TASK: Copy task, pictures excluded: set down exactly the lines from the one containing "reply.js 만들었으니 스크립트 처리 + url 전역 상수" to the end of the data below.

EXERCISE DATA:

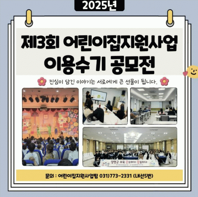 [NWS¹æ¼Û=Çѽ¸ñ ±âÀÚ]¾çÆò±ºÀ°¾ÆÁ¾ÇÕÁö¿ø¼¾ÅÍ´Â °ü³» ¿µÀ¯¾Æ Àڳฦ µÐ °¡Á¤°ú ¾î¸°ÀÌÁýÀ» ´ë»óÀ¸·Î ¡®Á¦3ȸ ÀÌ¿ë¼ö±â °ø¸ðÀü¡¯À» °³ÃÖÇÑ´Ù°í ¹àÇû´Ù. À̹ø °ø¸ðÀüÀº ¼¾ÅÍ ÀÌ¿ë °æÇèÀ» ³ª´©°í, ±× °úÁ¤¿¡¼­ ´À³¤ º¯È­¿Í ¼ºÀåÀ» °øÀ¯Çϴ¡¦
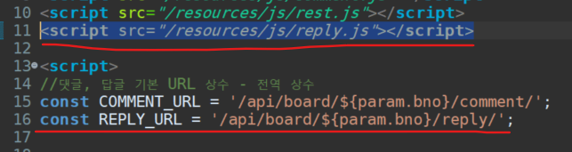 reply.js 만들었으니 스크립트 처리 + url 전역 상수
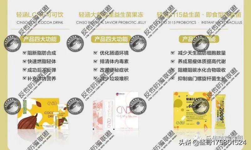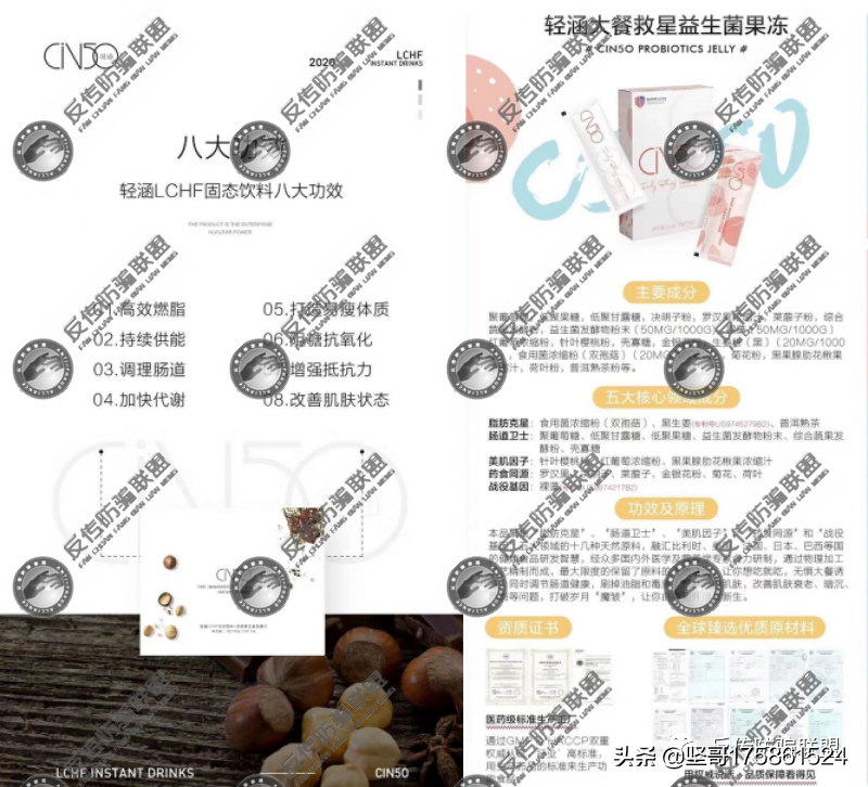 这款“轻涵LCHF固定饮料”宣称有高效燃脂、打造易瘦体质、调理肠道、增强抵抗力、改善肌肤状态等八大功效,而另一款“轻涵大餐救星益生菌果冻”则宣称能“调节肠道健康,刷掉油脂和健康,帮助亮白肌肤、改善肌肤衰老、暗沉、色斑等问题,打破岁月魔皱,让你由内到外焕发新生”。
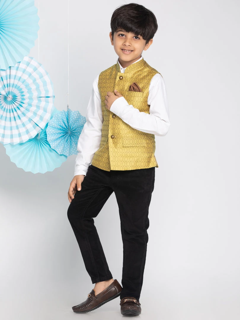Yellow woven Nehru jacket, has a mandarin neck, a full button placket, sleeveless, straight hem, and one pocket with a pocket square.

EXERCISE RESPONSE:
 reply.js 만들었으니 스크립트 처리 + url 전역 상수
 这款“轻涵LCHF固定饮料”宣称有高效燃脂、打造易瘦体质、调理肠道、增强抵抗力、改善肌肤状态等八大功效,而另一款“轻涵大餐救星益生菌果冻”则宣称能“调节肠道健康,刷掉油脂和健康,帮助亮白肌肤、改善肌肤衰老、暗沉、色斑等问题,打破岁月魔皱,让你由内到外焕发新生”。
Yellow woven Nehru jacket, has a mandarin neck, a full button placket, sleeveless, straight hem, and one pocket with a pocket square.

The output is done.